▸ Task to complete
Your response to the data below should hold nothing except the lines from the one containing "표 끝에 열을 하나 추가해서 '미수금회수율'을 계산합니다." down to the one containing "Кольцо, вставка: фианитом", reproduced exactly and without pictures.

▸ Given data
-----

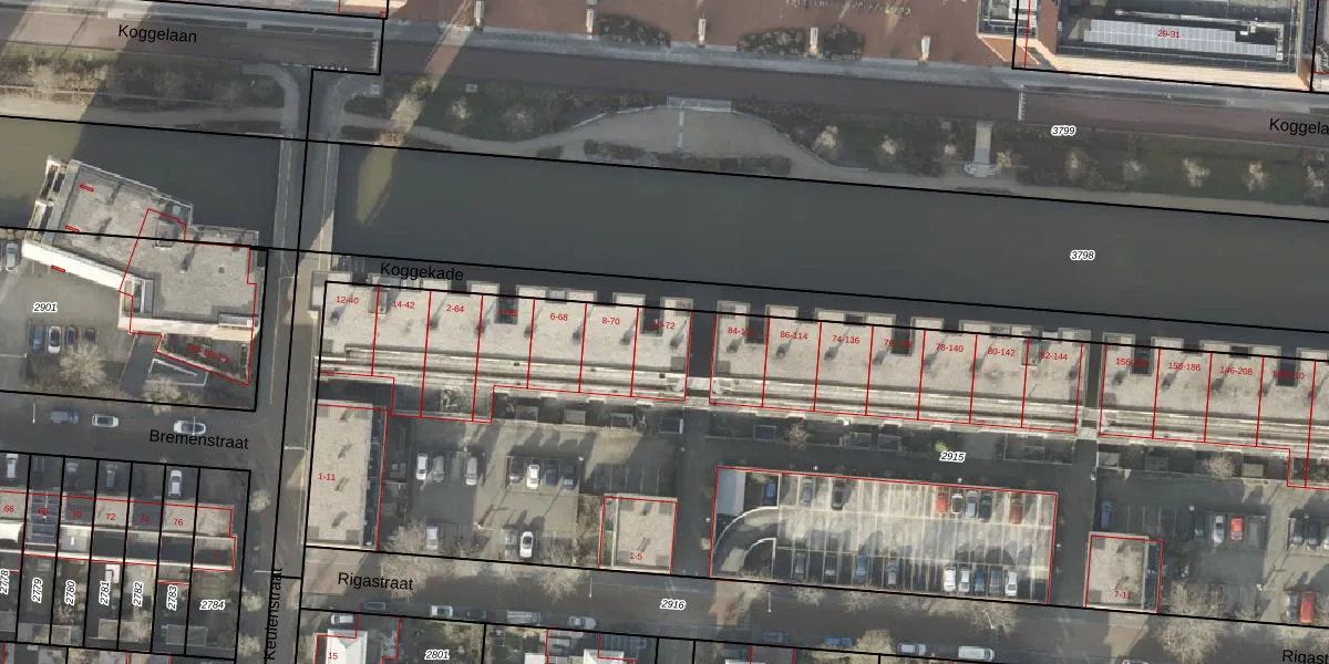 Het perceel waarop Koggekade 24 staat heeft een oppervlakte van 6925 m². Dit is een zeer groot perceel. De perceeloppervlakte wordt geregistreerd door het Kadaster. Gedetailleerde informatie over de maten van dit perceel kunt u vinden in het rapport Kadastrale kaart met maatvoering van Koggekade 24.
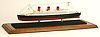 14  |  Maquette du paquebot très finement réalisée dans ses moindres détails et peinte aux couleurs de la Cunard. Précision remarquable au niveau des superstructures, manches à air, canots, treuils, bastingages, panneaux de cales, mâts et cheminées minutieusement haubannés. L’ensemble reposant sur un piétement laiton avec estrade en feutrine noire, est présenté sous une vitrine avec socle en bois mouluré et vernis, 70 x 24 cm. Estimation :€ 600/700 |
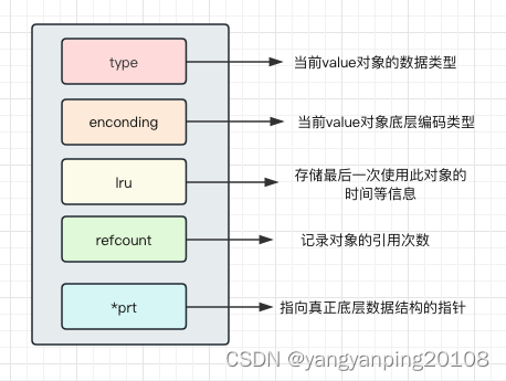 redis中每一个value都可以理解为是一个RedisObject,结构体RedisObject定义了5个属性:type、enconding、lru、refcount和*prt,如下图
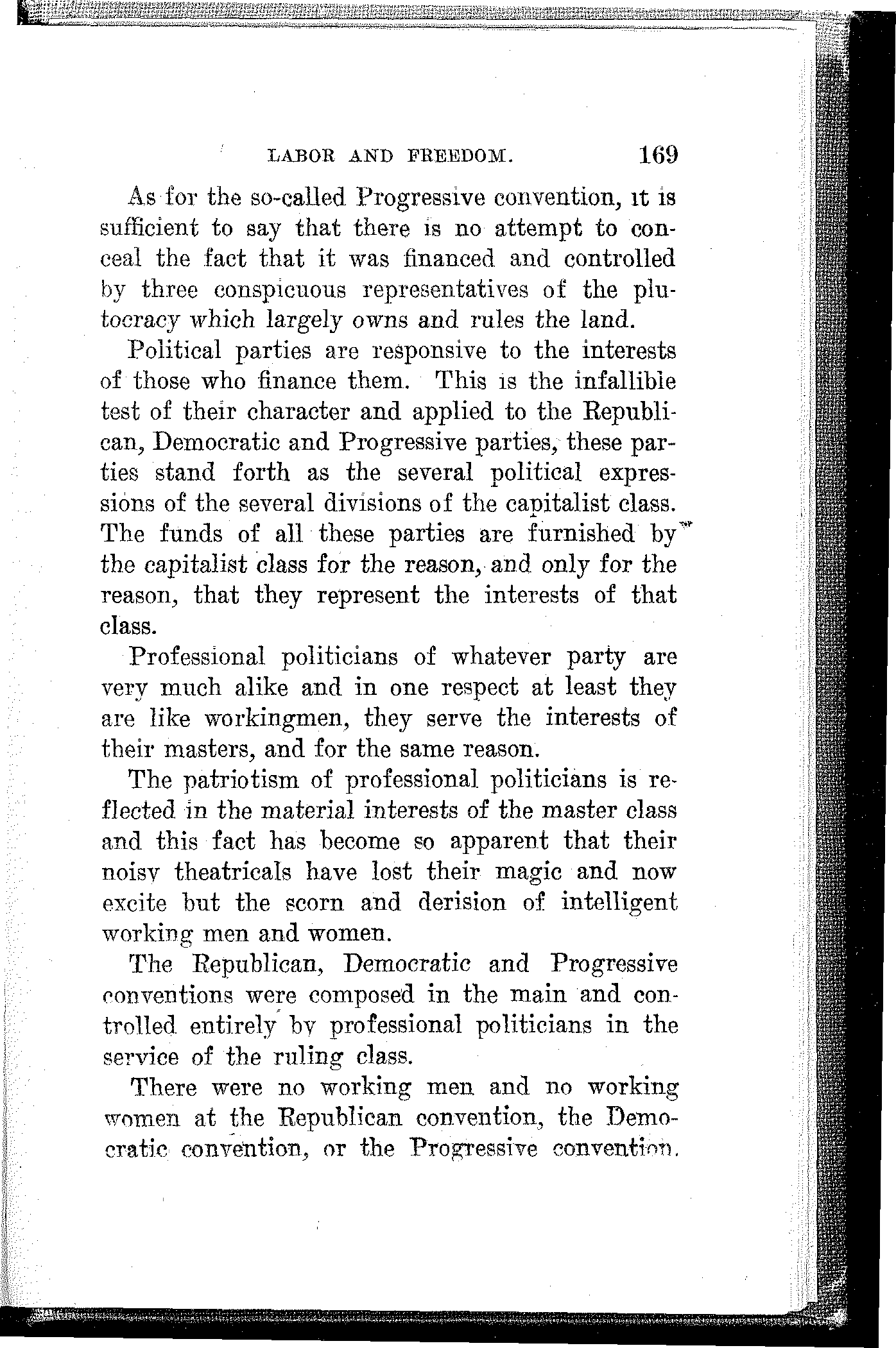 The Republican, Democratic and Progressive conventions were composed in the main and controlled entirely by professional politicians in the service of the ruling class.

-----

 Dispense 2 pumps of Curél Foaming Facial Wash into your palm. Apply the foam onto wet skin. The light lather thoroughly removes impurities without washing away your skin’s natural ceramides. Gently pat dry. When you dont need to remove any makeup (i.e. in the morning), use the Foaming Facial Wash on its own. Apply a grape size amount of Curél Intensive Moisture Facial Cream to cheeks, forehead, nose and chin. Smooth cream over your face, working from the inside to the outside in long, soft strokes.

-----

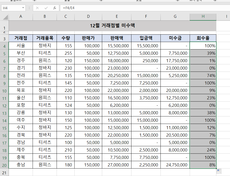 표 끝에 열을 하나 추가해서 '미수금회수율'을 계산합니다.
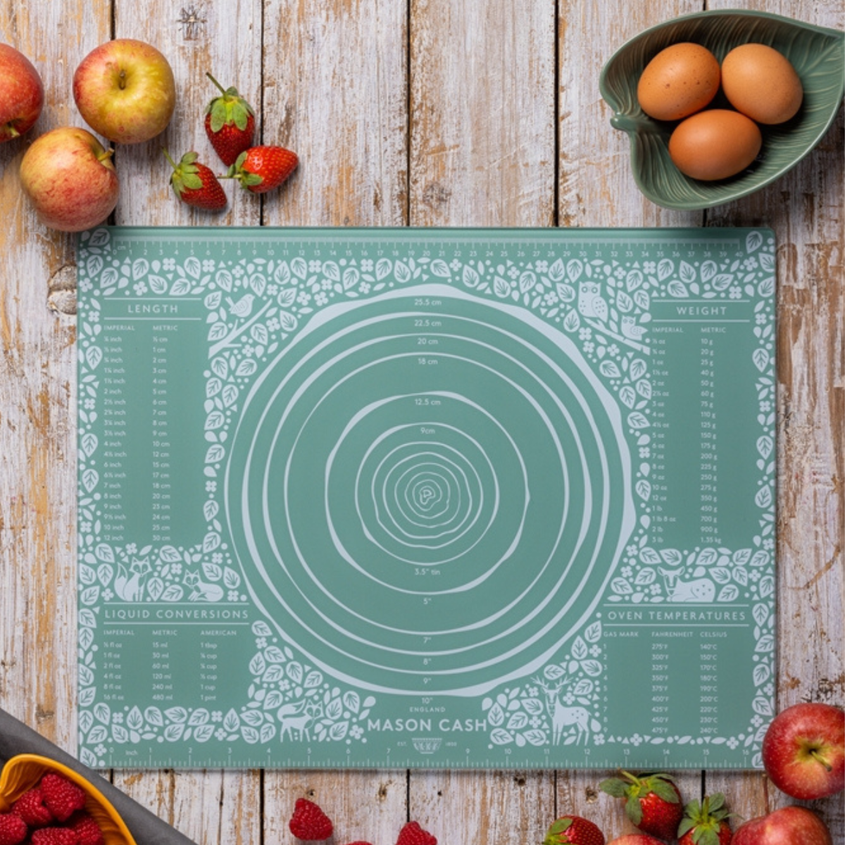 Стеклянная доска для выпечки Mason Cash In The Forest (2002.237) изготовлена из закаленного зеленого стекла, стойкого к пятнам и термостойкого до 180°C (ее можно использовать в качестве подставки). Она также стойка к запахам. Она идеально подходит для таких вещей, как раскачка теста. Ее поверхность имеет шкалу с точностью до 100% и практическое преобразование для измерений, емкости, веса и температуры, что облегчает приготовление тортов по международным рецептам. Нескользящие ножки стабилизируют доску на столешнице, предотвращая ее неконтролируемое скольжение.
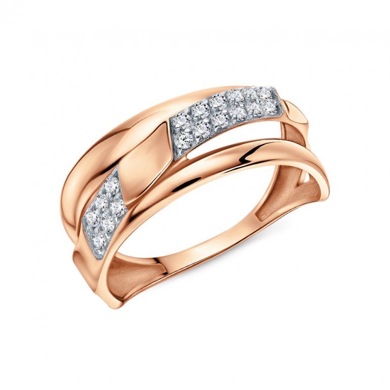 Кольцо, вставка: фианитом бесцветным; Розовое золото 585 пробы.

-----

▸ The completed task
 표 끝에 열을 하나 추가해서 '미수금회수율'을 계산합니다.
 Стеклянная доска для выпечки Mason Cash In The Forest (2002.237) изготовлена из закаленного зеленого стекла, стойкого к пятнам и термостойкого до 180°C (ее можно использовать в качестве подставки). Она также стойка к запахам. Она идеально подходит для таких вещей, как раскачка теста. Ее поверхность имеет шкалу с точностью до 100% и практическое преобразование для измерений, емкости, веса и температуры, что облегчает приготовление тортов по международным рецептам. Нескользящие ножки стабилизируют доску на столешнице, предотвращая ее неконтролируемое скольжение.
 Кольцо, вставка: фианитом бесцветным; Розовое золото 585 пробы.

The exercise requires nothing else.